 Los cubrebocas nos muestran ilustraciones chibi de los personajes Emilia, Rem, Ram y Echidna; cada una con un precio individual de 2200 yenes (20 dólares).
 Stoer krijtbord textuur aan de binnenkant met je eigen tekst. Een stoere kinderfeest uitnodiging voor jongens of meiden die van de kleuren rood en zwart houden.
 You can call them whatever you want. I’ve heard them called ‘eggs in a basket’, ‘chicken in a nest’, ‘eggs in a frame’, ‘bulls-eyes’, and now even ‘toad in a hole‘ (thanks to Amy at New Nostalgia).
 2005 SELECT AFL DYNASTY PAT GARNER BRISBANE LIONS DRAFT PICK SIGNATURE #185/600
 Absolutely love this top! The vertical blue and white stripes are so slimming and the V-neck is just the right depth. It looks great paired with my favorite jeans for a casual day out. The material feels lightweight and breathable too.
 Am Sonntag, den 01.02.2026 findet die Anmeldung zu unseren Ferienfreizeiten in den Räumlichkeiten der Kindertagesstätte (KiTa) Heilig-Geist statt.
====
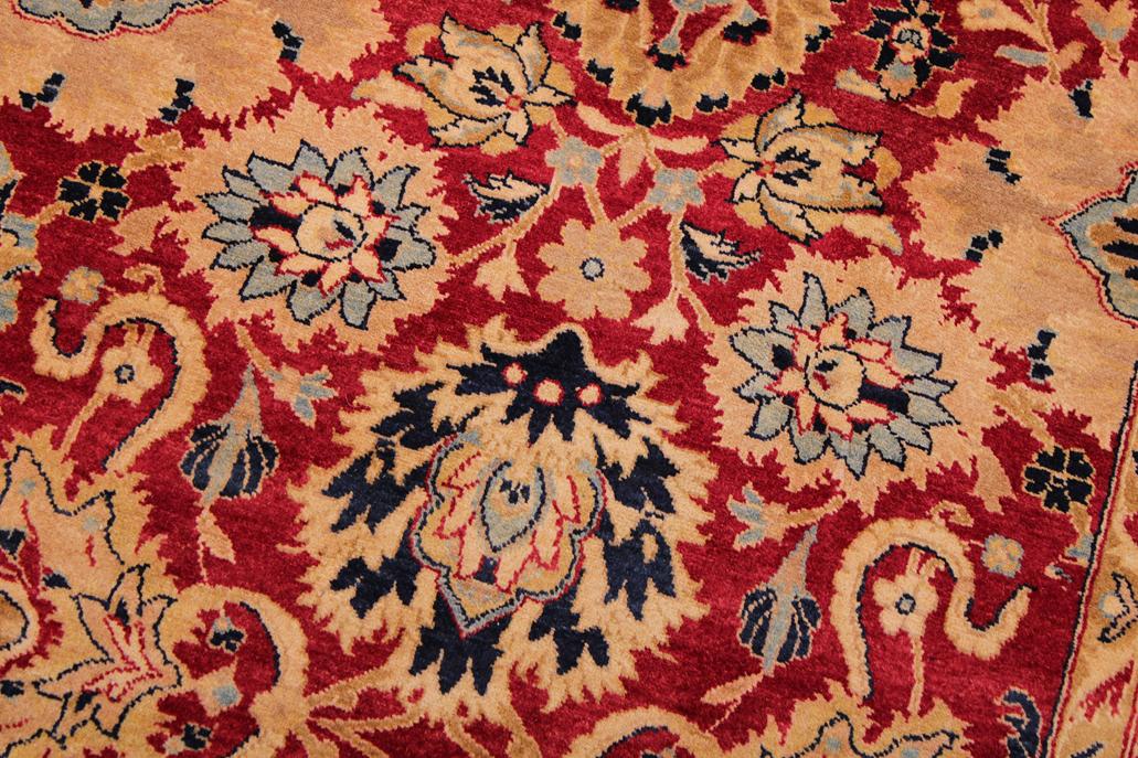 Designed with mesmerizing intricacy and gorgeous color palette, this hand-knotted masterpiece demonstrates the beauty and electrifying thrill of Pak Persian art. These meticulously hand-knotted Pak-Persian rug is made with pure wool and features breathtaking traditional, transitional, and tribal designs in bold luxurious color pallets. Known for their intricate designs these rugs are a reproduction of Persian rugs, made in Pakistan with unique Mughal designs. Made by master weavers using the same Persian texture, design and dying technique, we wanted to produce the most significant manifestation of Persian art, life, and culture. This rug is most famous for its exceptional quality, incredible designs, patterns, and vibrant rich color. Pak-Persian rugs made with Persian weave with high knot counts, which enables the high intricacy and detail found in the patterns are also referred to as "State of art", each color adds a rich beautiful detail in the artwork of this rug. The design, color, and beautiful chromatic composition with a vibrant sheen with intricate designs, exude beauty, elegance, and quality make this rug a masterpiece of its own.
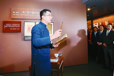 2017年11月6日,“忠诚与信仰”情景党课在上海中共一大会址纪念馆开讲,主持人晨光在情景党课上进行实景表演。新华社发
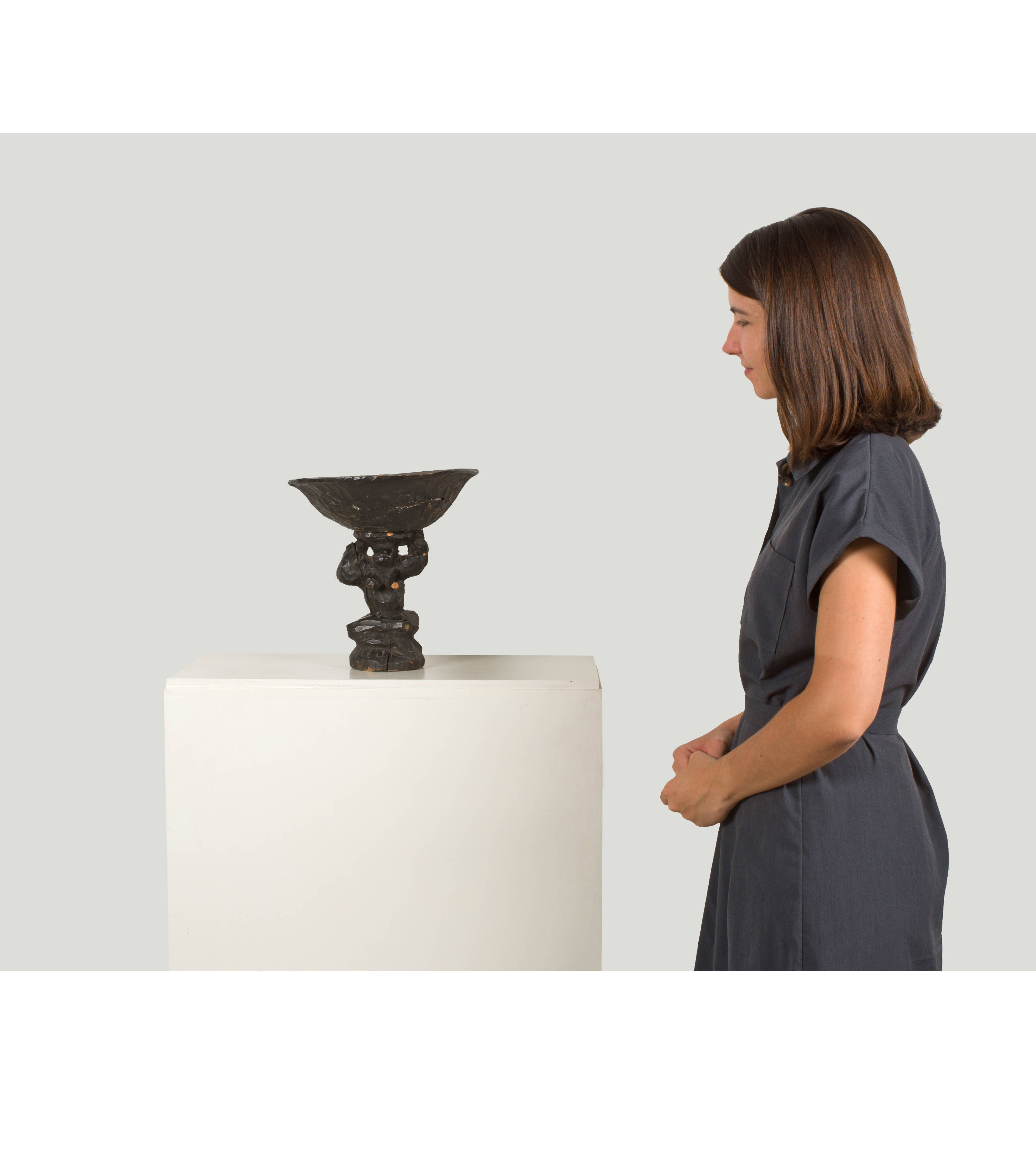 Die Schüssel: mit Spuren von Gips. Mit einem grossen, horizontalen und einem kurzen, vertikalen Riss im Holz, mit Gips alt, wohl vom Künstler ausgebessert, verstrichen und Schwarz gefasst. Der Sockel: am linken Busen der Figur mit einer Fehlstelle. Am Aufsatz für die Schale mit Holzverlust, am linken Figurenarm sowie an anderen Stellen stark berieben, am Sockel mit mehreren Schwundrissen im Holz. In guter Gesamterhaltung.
====
**INSTRUCTIONS TO FOLLOW**: From the entries above, return exactly the line containing "You can call", the line containing "Am Sonntag, den", and all lines between, and nothing else.

**EXERCISE ANSWER**:
 You can call them whatever you want. I’ve heard them called ‘eggs in a basket’, ‘chicken in a nest’, ‘eggs in a frame’, ‘bulls-eyes’, and now even ‘toad in a hole‘ (thanks to Amy at New Nostalgia).
 2005 SELECT AFL DYNASTY PAT GARNER BRISBANE LIONS DRAFT PICK SIGNATURE #185/600
 Absolutely love this top! The vertical blue and white stripes are so slimming and the V-neck is just the right depth. It looks great paired with my favorite jeans for a casual day out. The material feels lightweight and breathable too.
 Am Sonntag, den 01.02.2026 findet die Anmeldung zu unseren Ferienfreizeiten in den Räumlichkeiten der Kindertagesstätte (KiTa) Heilig-Geist statt.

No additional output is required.